_ACTION ITEM_.
Take the lines from the head of the listing through the one bearing "I found these" and copy them exactly, leaving every picture out.

_STORED DATA_.
Content starts

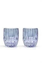This set of two small tumbler glasses is crafted in a vibrant shade of blue. This glass is vertically grooved with a finish of iridescent.
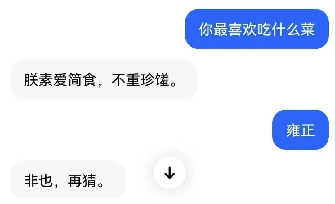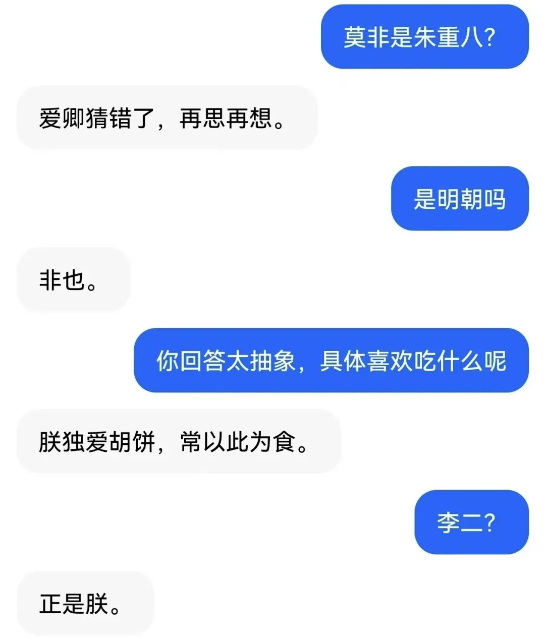 比如我问它喜欢吃什么,它说”朕素爱简食,独爱胡饼”。一听就猜到了——李世民。
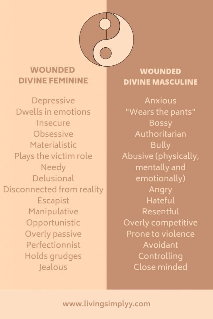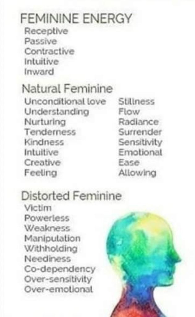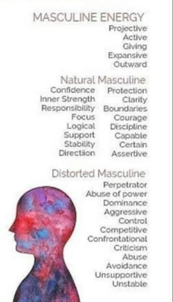 I found these 2 photos ( above and below) to be quite helpful as I discovered some of my own traits that were out of alignment. I found some distorted masculine traits within my own being and some feminine distortions as well. I am working with me on this journey. Exploration of these traits in my own life as well as articles about these topics have been a great help to me.
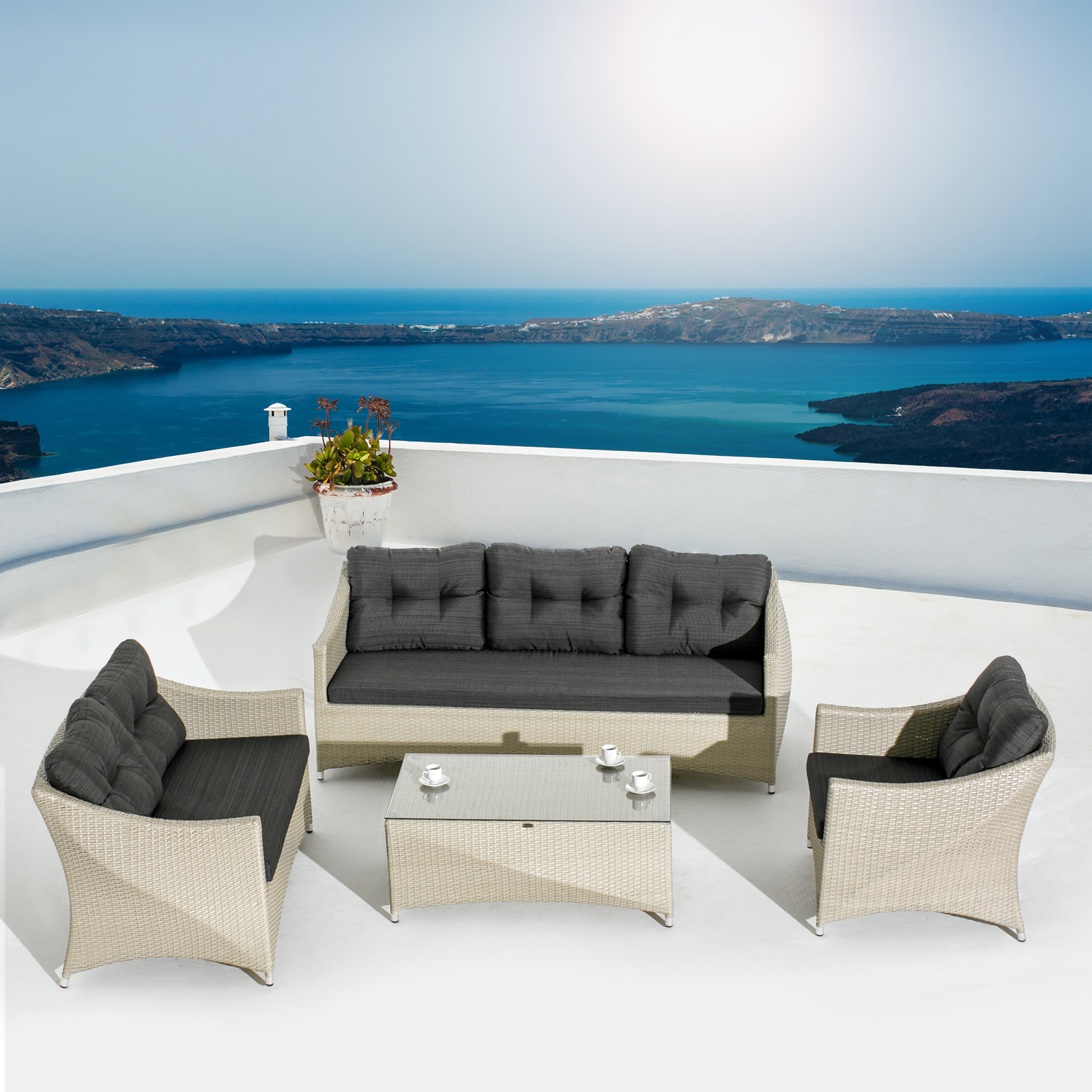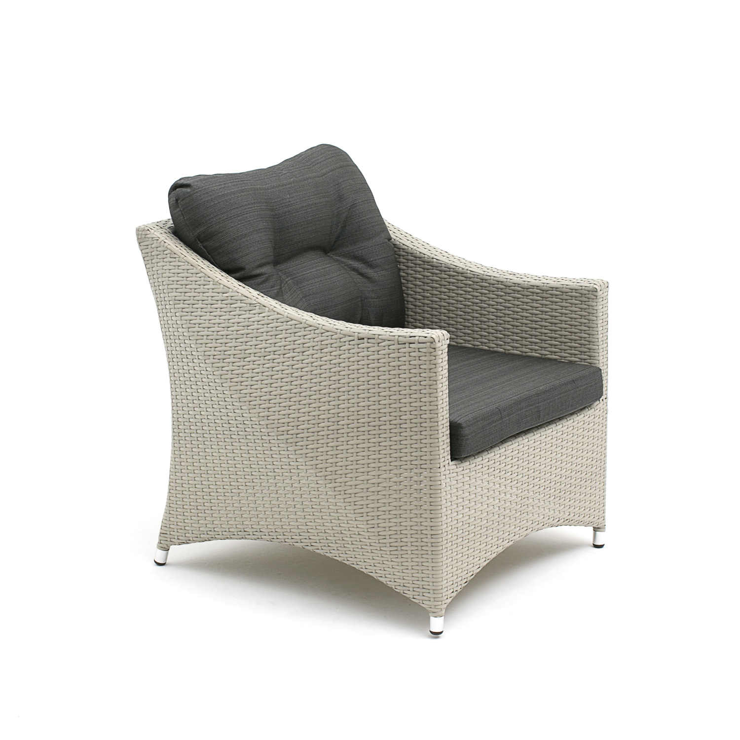 Комплект мебели из ротанга mi casa avila seis, садовая мебель. Дизайнерская лаунж-зона из новой белой коллекции. Основания в стиле волна. Плоское плетение. Всепогодная алюминиевая рама с покрытием Procolor. Подушки из темно-серой влаго-отталкивающей ткани в комплекте. Диван, см 190x80x78, 130x68x78 Кресло, см 75x68x78 Журнальный стол, см 100x60x46 Материал каркаса Всепогодный алюминий Материал изделия Искусственный ротанг

Content ends

_ANSWER SPACE_.
This set of two small tumbler glasses is crafted in a vibrant shade of blue. This glass is vertically grooved with a finish of iridescent.
 比如我问它喜欢吃什么,它说”朕素爱简食,独爱胡饼”。一听就猜到了——李世民。
 I found these 2 photos ( above and below) to be quite helpful as I discovered some of my own traits that were out of alignment. I found some distorted masculine traits within my own being and some feminine distortions as well. I am working with me on this journey. Exploration of these traits in my own life as well as articles about these topics have been a great help to me.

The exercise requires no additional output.